セントラルタワーの事件から数日が経過した。バカップルはこの事件のことをタルトから聞き、もしかしたら大きな事件の前触れかもしれないとも話を聞いていた。その話を聞いたクリムはタルトにその可能性が高いと告げた。が、数日経過してもバカップルの周辺は平和だった。
「この平和が長く続けばいいんですがねぇ」
「全くだ」
バカップルは部屋のベッドの上で会話をしながらイチャイチャしていた。しばらくイチャイチャしていたが、クリムは突如大きな魔力を感じた。
「何ですか……この魔力」
「俺も感じた。異様だよ、これ」
バカップルは立ち上がり、窓から外を見た。ジャックやシュガー、ラックも窓から外を見て異様な魔力の主を見つけようとした。その直後、ストブが慌てながらバカップルの部屋に入って来た。

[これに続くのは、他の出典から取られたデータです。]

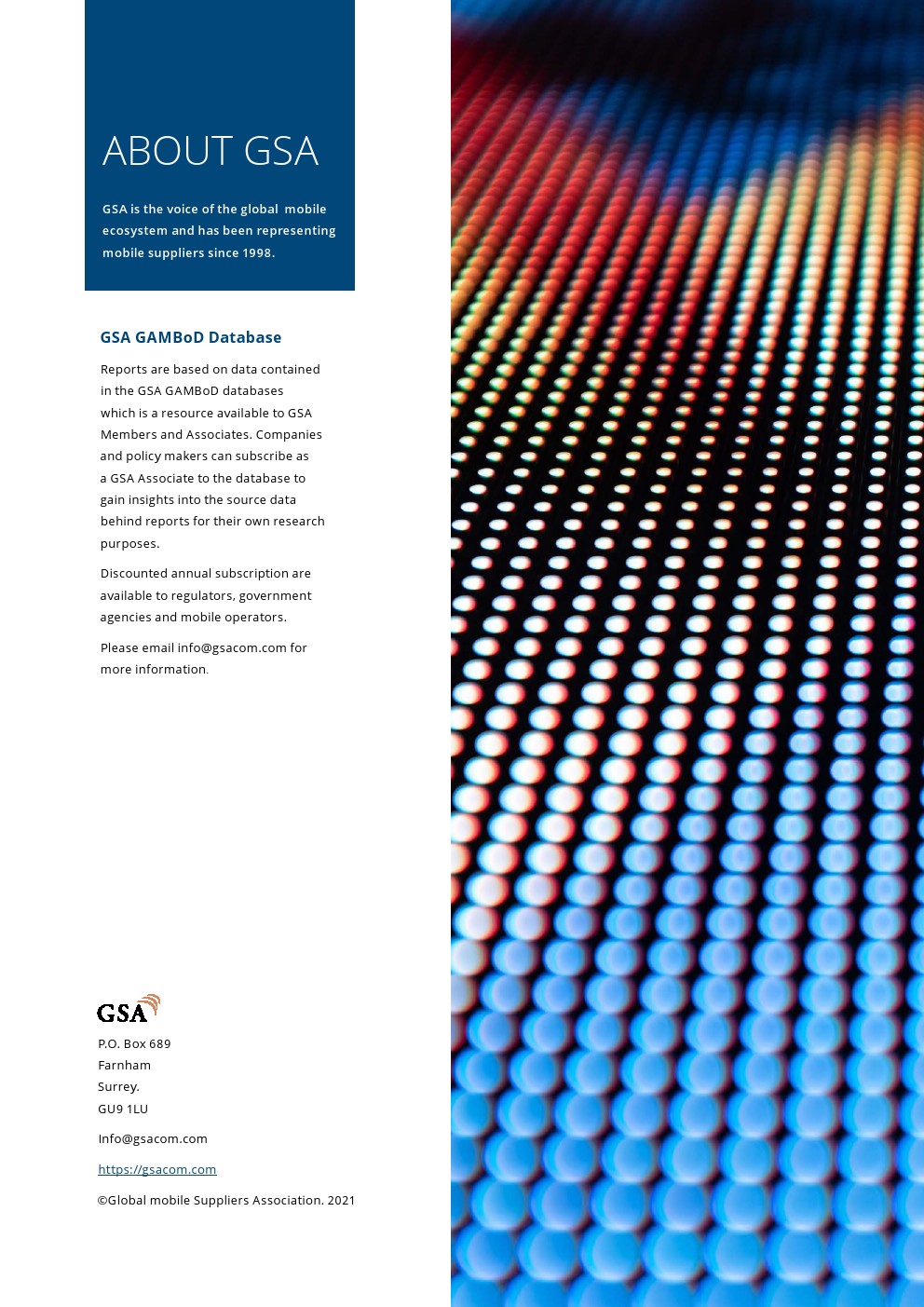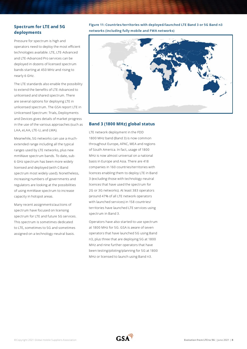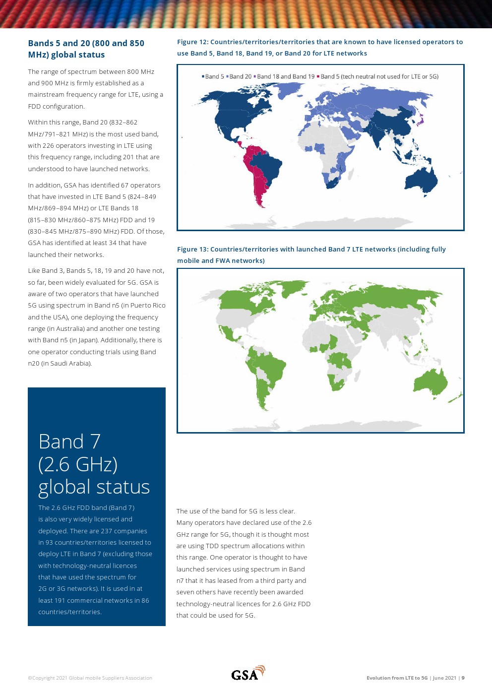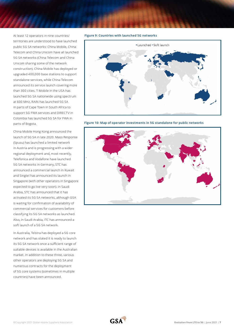 811家运营LTE网络的运营商在全球240个国家/地区提供移动和/或FWA服务。共有281家运营商在128个国家/地区投资VoLTE,其中228家已在108个国家/地区启动商业VoLTE网络。在148个国家/地区推出了328个LTE高级网络。总体而言,有361家运营商在156个国家/地区投资LTE高级技术。在有限的地理区域内以Cat-18 DL速度支持用户设备的12个已启动网络中有6个支持Cat-19(在有限的区域内)。252家运营商部署或运营基于TDD的LTE或5G网络。133个国家/地区的443家运营商投资于5G移动或5G FWA/家庭宽带网络。70个国家/地区的169家运营商(截至2021年3月中旬)宣布推出与3GPP兼容的5G服务。GSA已确定42个国家的79家运营商以试验、计划、支付许可证、部署或运营网络的形式投资5G独立公共网络。
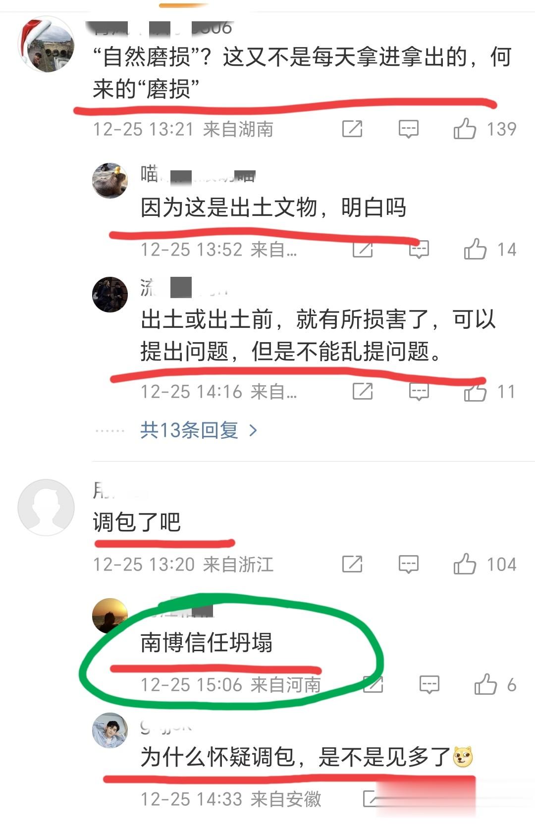 至于是不是在侮辱网友的智商,我是无法确定,唯一能够确定的就是南博的回复:“属于出土文物正常现象。”

「おいおいおいおいおいおいおいおいおい! やべーことになってるぞ!」
「やべーこと? この魔力ですか?」
「この魔力のこともそうだけど……まぁそれよりも早くテレビの電源を入れてくれ!」
珍しく慌てるストブのことを気にし、シュウはテレビの言々を入れた。昼間はワイドショーかドラマの再放送を流しているが、今は速報が流れていた。
『只今、シェラールで大規模な破壊テロが行われています! 重傷者、死者、行方不明者ともに不明、シェラールのギルドでも大混乱が続いており、連絡が通じないとのこと! テロ組織の目的は不明……あ! 今速報が入りました、テレビ局のヘリコプターが魔力の塊に命中し……落下して爆発! ああもう、滅茶苦茶じゃねーか! 一体どうなってんだ!』
と、テレビのキャスターは慌ただしさと苛立ちが原因で腹が立ち、原稿を投げ捨ててしまった。シェラールのギルドから連絡が通じない。その言葉を聞き、シュウは急いでタルトに電話をつなげたが、電話はつながらなかった。